People who subscribe on embraceagiantspirit.com:
When a subscription is entered we collect the personal information of the applicant. This information is used for the delivery of the service requested and for subsequent Tourism NI monitoring and reporting. When we receive a subscription request, we will notify all those persons involved that we have received their application and that we are processing their personal information for that purpose only. We will not share or use the supplied personal information for the purposes of direct marketing without your explicit consent. Where you have given consent you can withdraw it at any time.
Tourism NI will publish aggregated anonymised data on its performance on its website. We will keep personal information contained in application files in line with our retention policy. This means that information relating to subscribers will be retained for a minimum of 5 years. It will be retained in a secure environment and access to it will be restricted.
Securing your information
When you give us personal information, we take steps to ensure that it’s treated securely. All information submitted to our websites is encrypted. When you are on a secure page, a lock icon will appear on the top of web browsers such as Microsoft Edge and Google Chrome.
Non-sensitive details (your email address etc.) are transmitted normally over the Internet, and this can never be guaranteed to be 100% secure. As a result, while we strive to protect your personal information, we cannot guarantee the security of any information you transmit to us, and you do so at your own risk. Once we receive your information, we make our best effort to ensure its security on our systems. Where we have given (or where you have chosen) a password which enables you to access certain parts of our websites, you are responsible for keeping this password confidential. We ask you not to share your password with anyone.
16 or Under
We are concerned to protect the privacy of children aged 16 or under. If you are aged 16 or under‚ please get your parent/guardian's permission beforehand whenever you provide us with personal information.

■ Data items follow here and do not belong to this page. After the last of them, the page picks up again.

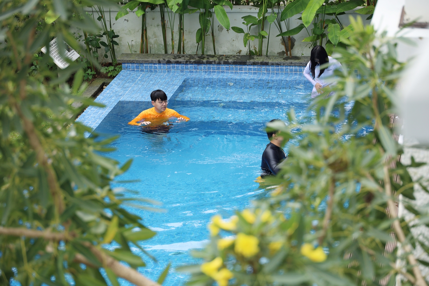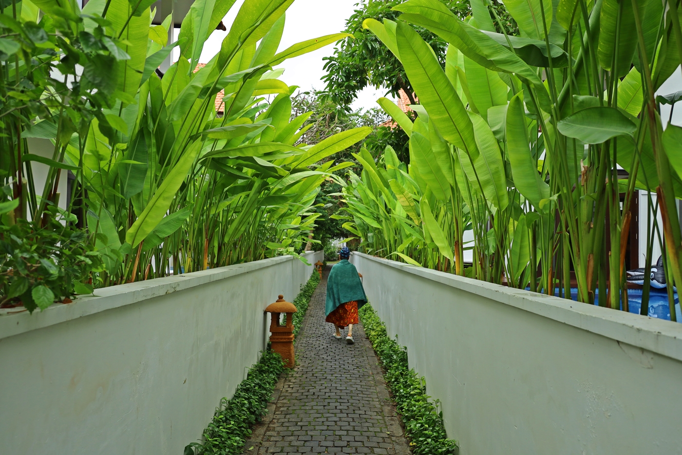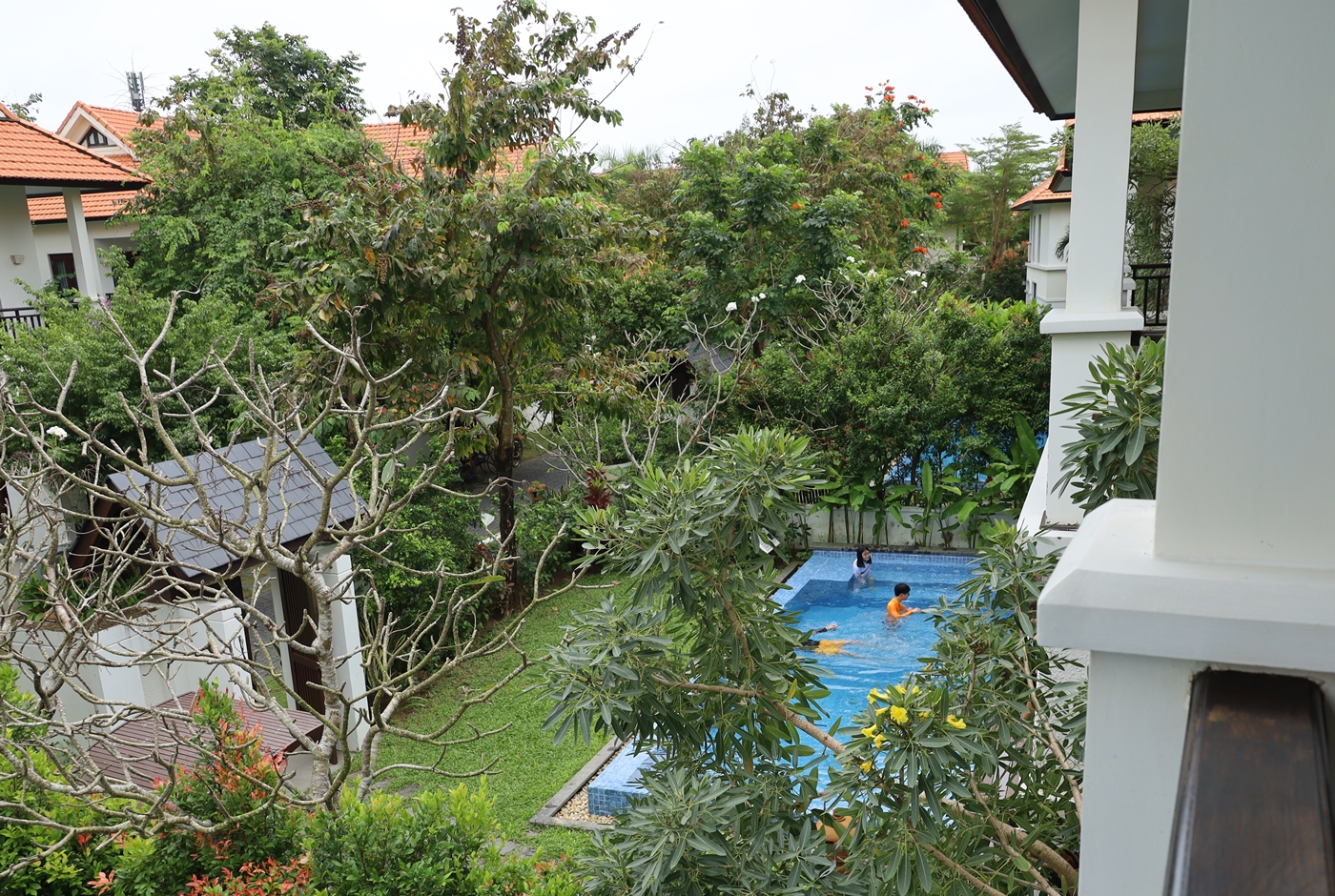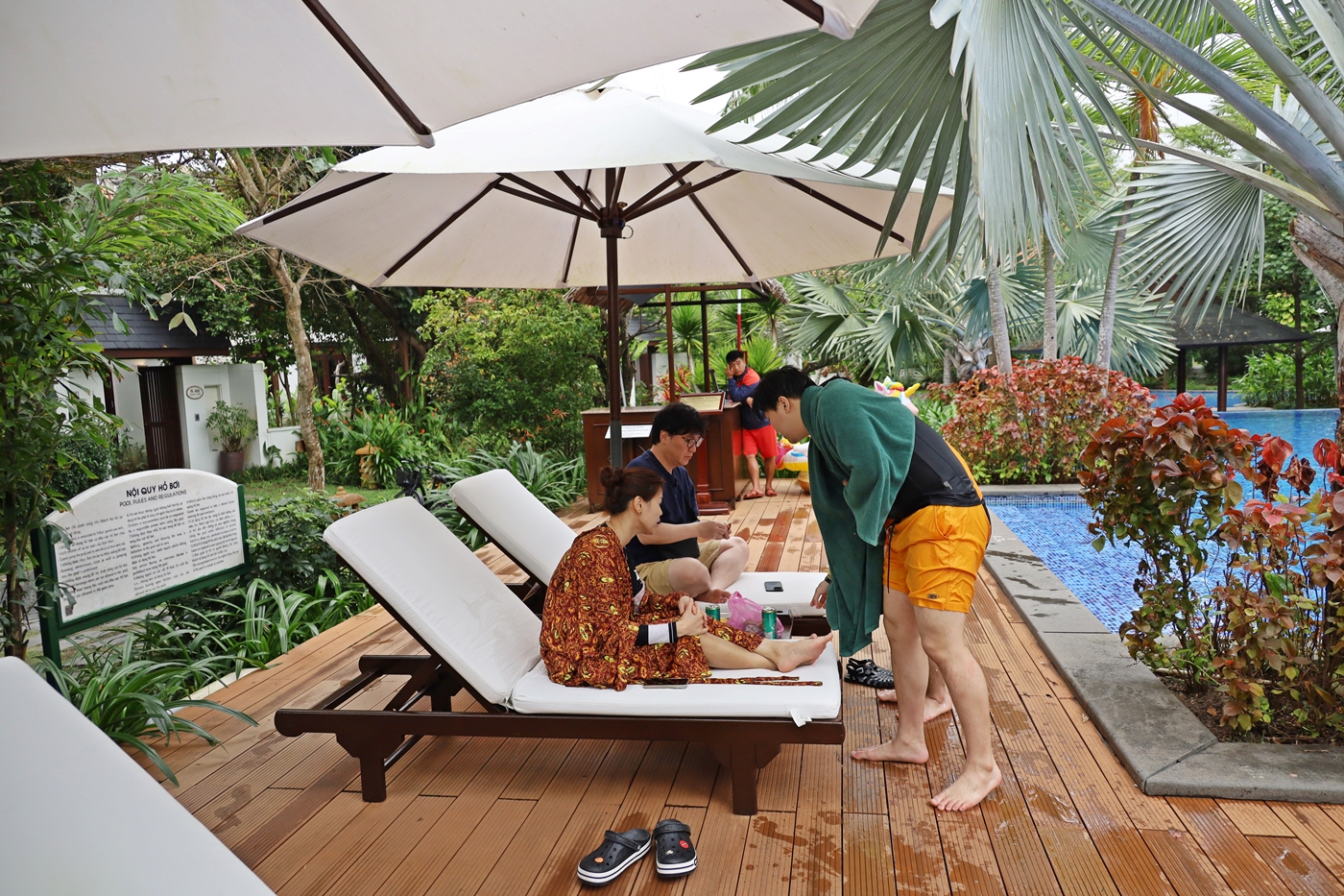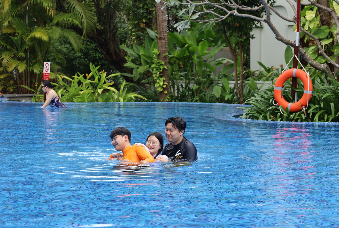 ↑마침 비가 그쳐 우리는 개인 풀장을 뒤로 더 넓은 리조트 내 가까운 수영장을 찾아 가기로 하고 이동했다.
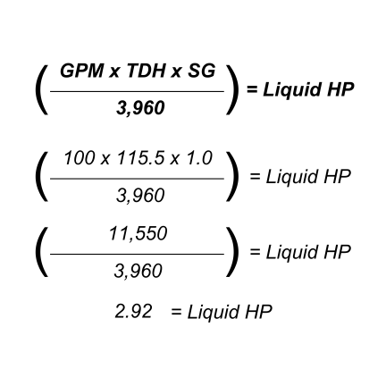 If you need to calculate the horsepower that your fluid is generating at a given flow and pressure, then you need to calculate your Hydraulic (Liquid) Horsepower. To do so, you will need to know your gallons per minute (GPM), TDH, and SG of your fluid.
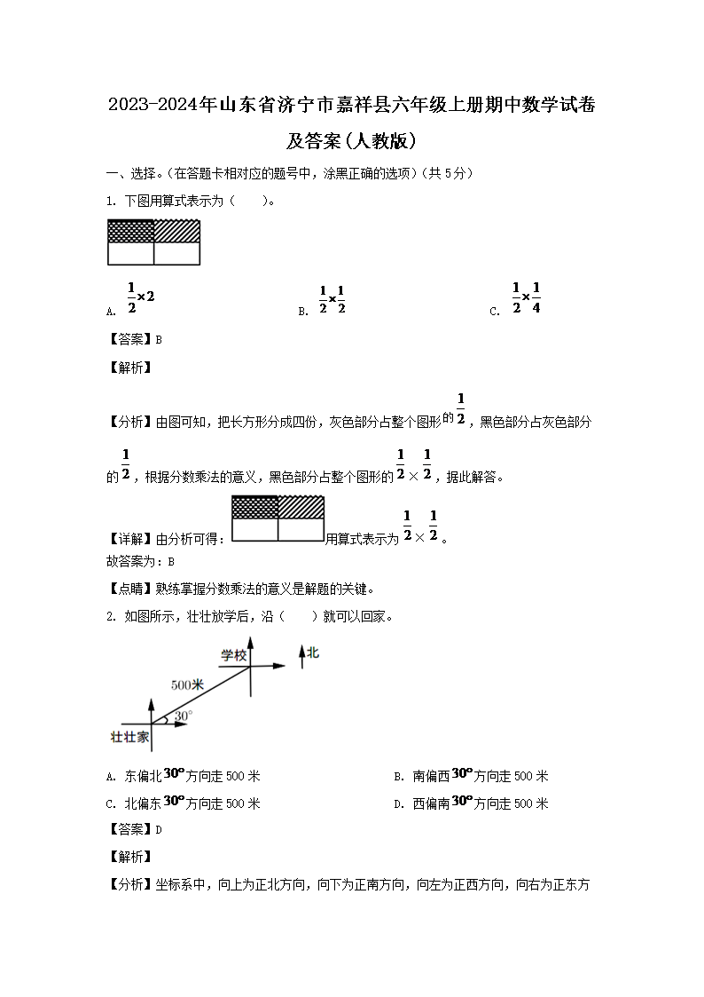 【文檔名稱】 2023-2024年山東省濟寧市嘉祥縣六年級上冊期中數(shù)學試卷及答案(人教版)(Word版).doc
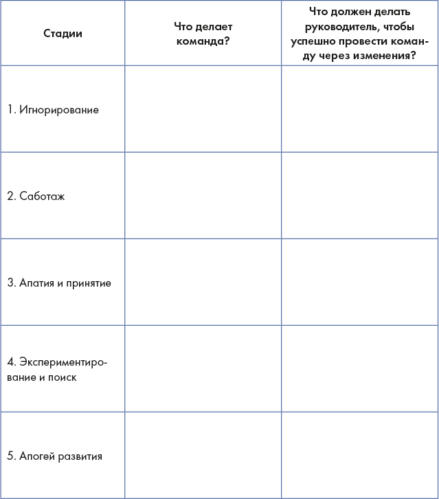 Используя таблицу, пройдите со своей командой через принятие нового и опишите свои действия как руководителя, чтобы привести команду к принятию изменений без потерь.
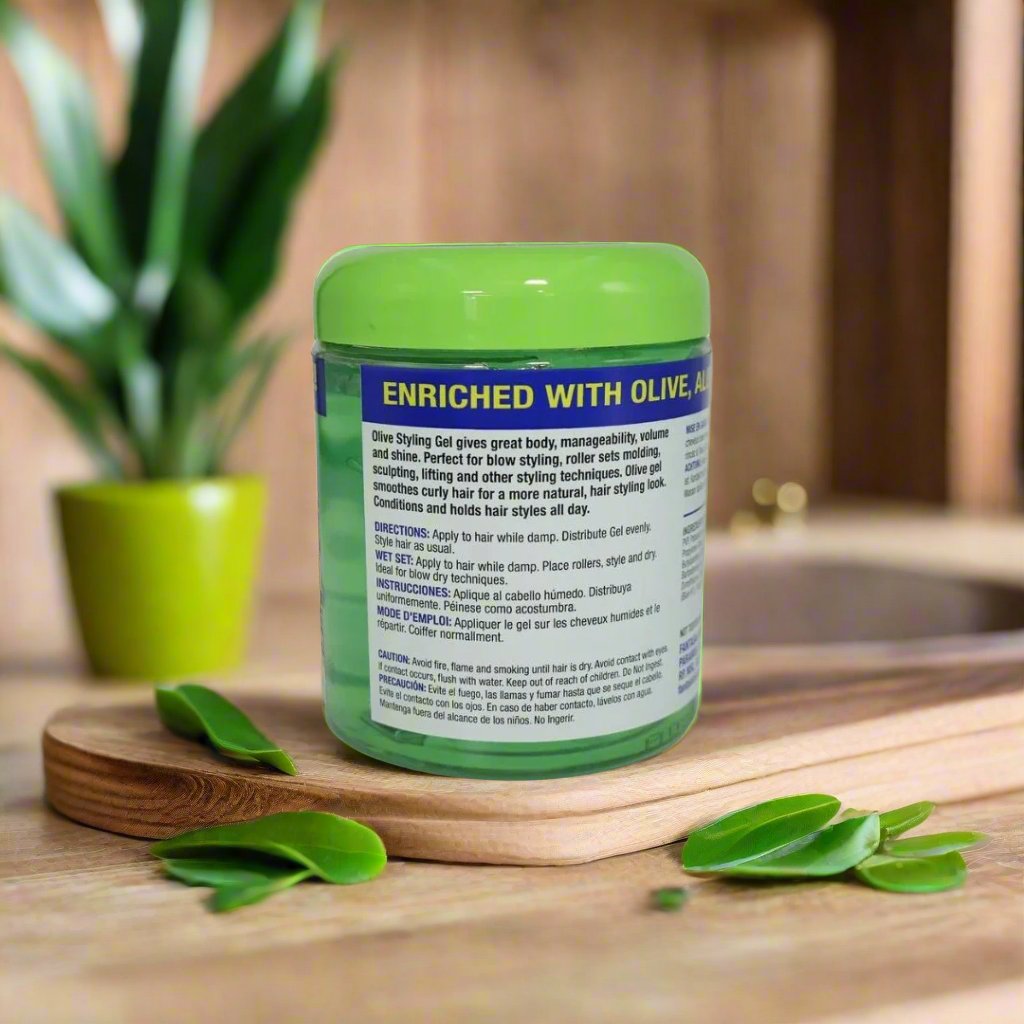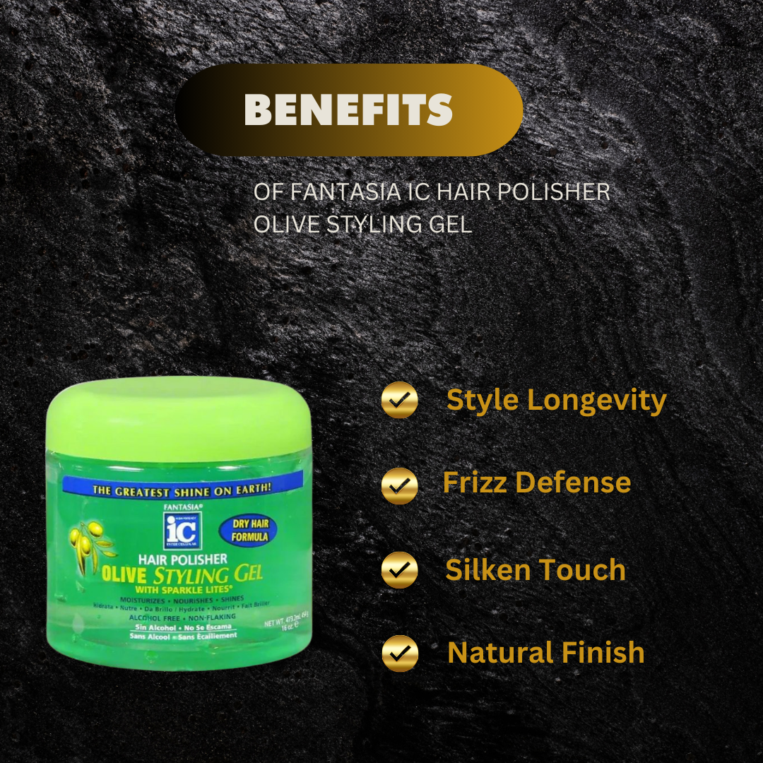 Fantasia Hair Polisher Olive Styling Gel 16 oz Olive styling gel gives great body, manageability, volume and shine. Moisturizes, Nourishes, shines. (Dry Hair Formula). Features: Humidity resistant/protective sunscreen. Perfect for blow styling, roller sets, molding, sculpting, lifting and other styling techniques. Olive gel smooths curly hair for a more natural, hair styling look. Defies gravity, condition and holds hair styles all day. Perfect for blow styling, roller sets, molding, sculpting, lifting and other techniques Smooths curly hair for a more natural look Alcohol free, non-flaking Not oily or greasy Enriched with olive, aloe, vitamins & silk protein.
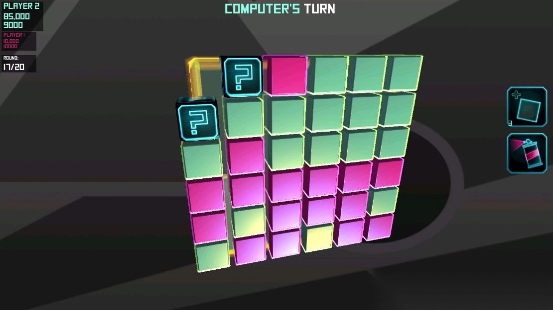 2、轮到己方回合,操作方块移动、组合,应对电脑方布局,争取消除或压制对方。
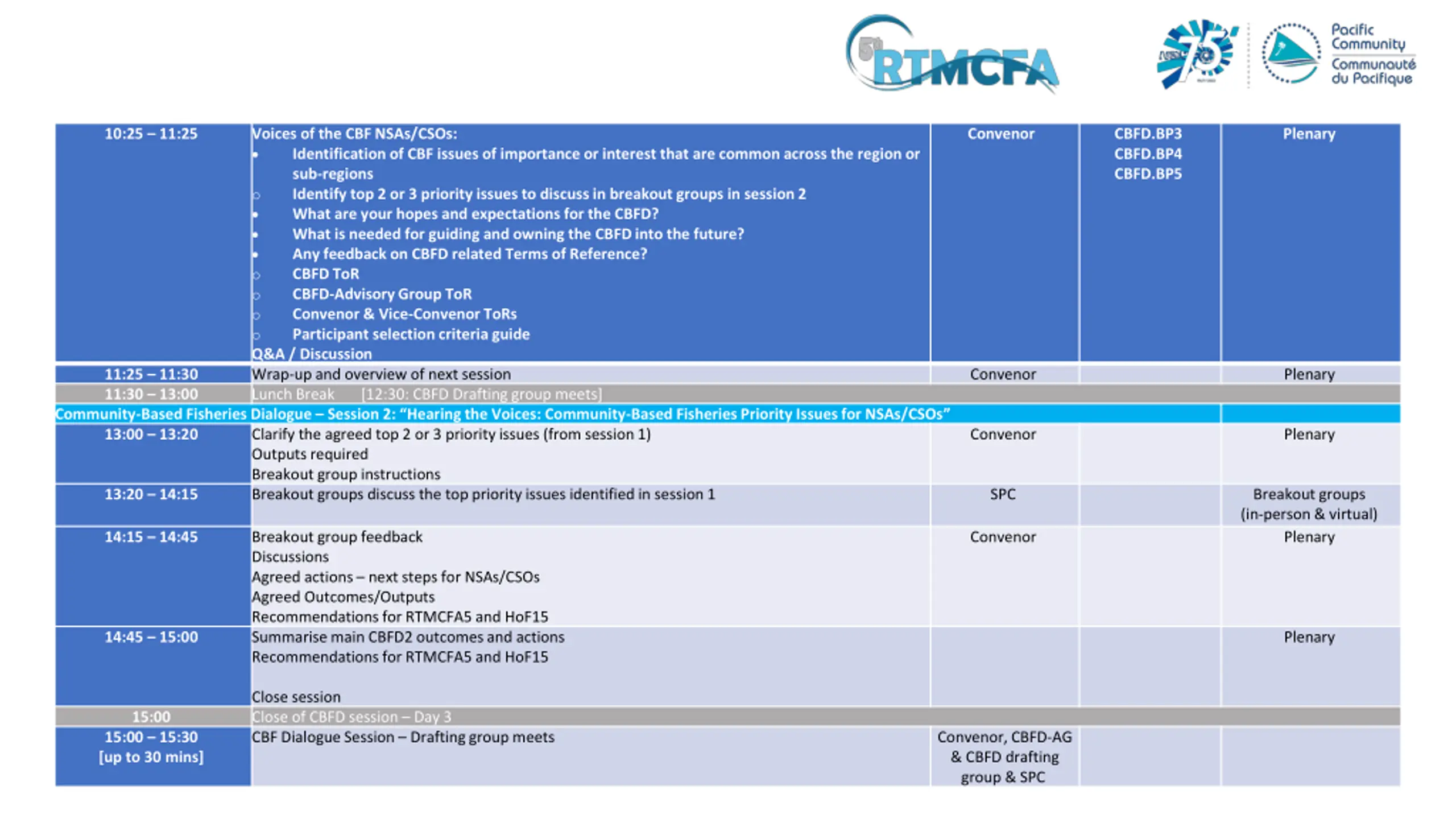 Voices of the CBF NSAs/CSOs: Identification of CBF issues of importance or interest that are common across the region or sub-regions o Identify top 2 or 3 priority issues to discuss in breakout groups in session 2 What are your hopes and expectations for the CBFD? What is needed for guiding and owning the CBFD into the future? Any feedback on CBFD related Terms of Reference? o CBFD ToR o CBFD-Advisory Group ToR o Convenor & Vice-Convenor ToRs o Participant selection criteria guide Q&A / Discussion Wrap-up and overview of next session Lunch Break [12:30: CBFD Drafting group meets] Community-Based Fisheries Dialogue Session 2: Hearing the Voices: Community-Based Fisheries Priority Issues for NSAs/CSOs 13:00 13:20 Clarify the agreed top 2 or 3 priority issues (from session 1) Outputs required Breakout group instructions 13:20 14:15 Breakout groups discuss the top priority issues identified in session 1 10:25 11:25 Convenor CBFD.BP3 CBFD.BP4 CBFD.BP5 Plenary 11:25 11:30 11:30 13:00 Convenor Plenary Convenor Plenary SPC Breakout groups (in-person & virtual) Plenary 14:15 14:45 Breakout group feedback Discussions Agreed actions next steps for NSAs/CSOs Agreed Outcomes/Outputs Recommendations for RTMCFA5 and HoF15 Summarise main CBFD2 outcomes and actions Recommendations for RTMCFA5 and HoF15 Convenor 14:45 15:00 Plenary Close session Close of CBFD session Day 3 CBF Dialogue Session Drafting group meets 15:00 15:00 15:30 [up to 30 mins] Convenor, CBFD-AG & CBFD drafting group & SPC
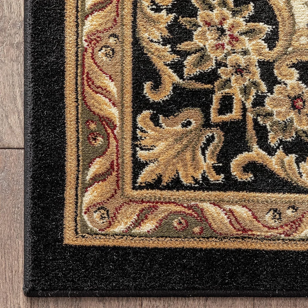 Pile Height: Medium Pile Brand: Does not apply Seasons: All seasons gtin13: 705353135880 Pattern: Floral Age Range (Description): Adult Rug Form Type: Area Rug Construction Type: Machine Made Model Name: Pastoral Occasion: Formal Events, Housewarming, Wedding Is Autographed: No Size: 5'3" x 7'3" Theme: Floral,Medallion,Contemporary,Modern,Pastoral Weave Type: Knotted Item model number: P-36335 Product Dimensions: 87"L x 63"W Recommended Uses For Product: Living Room, Dining Room UPC: 705353135880 Indoor/Outdoor Usage: Indoor Room Type: Kitchen, Bedroom, Living Room, Home Office, Dining Room Is Stain Resistant: Yes Back Material Type: Jute Water Resistance Level: Water Repellent Style: French Item Thickness: 0.8 Inches Item Weight: 19 Pounds Country of Origin: Turkey Shape: Rectangular Material: Polypropylene Special Feature: Fade Resistant, Stain Resistant Number of Pieces: 1 Type: Does not apply Color: Black

Transferring your information outside of Europe
As part of the services offered to you through this website, the information, which you provide to us, may be transferred to countries outside the European Union (“EU”). By way of example, this may happen if any of our servers are from time to time located in a country outside of the EU. These countries may not have similar data protection laws to the UK. By submitting your personal data, you’re agreeing to this transfer, storing or processing. If we transfer your information outside of the EU in this way, we will take steps to ensure that appropriate security measures are taken with the aim of ensuring that your privacy rights continue to be protected as outlined in this Policy.
If you use our services while you are outside the EU, your information may be transferred outside the EU in order to provide you with those services.
Review of this Policy
We keep this Policy under regular review. This Policy was last updated in September 2019.